| Exercise data |

------------------------------

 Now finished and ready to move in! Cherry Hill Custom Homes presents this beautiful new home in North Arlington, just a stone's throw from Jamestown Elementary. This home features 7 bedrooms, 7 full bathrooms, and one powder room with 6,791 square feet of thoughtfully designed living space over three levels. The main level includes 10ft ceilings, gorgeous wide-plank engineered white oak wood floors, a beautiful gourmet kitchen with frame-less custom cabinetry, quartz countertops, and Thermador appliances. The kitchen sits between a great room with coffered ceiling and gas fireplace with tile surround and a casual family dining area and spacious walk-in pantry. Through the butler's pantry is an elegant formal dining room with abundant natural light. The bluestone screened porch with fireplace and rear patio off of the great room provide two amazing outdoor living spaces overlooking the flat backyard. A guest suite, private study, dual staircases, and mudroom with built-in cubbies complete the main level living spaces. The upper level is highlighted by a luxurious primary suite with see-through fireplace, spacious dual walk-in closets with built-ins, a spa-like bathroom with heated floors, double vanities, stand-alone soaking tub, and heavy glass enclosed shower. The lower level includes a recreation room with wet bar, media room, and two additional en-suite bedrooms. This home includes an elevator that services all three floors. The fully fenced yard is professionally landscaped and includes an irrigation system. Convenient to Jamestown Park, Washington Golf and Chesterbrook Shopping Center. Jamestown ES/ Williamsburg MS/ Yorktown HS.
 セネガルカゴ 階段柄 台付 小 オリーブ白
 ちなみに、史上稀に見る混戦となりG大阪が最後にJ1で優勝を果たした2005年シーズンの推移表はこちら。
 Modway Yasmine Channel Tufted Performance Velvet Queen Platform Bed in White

------------------------------

| Task item |
All lines from the one that has "セネガルカゴ 階段柄 台付 小 オリーブ白" through the end of the material above should be returned exactly; omit the rest.

| Task response |
 セネガルカゴ 階段柄 台付 小 オリーブ白
 ちなみに、史上稀に見る混戦となりG大阪が最後にJ1で優勝を果たした2005年シーズンの推移表はこちら。
 Modway Yasmine Channel Tufted Performance Velvet Queen Platform Bed in White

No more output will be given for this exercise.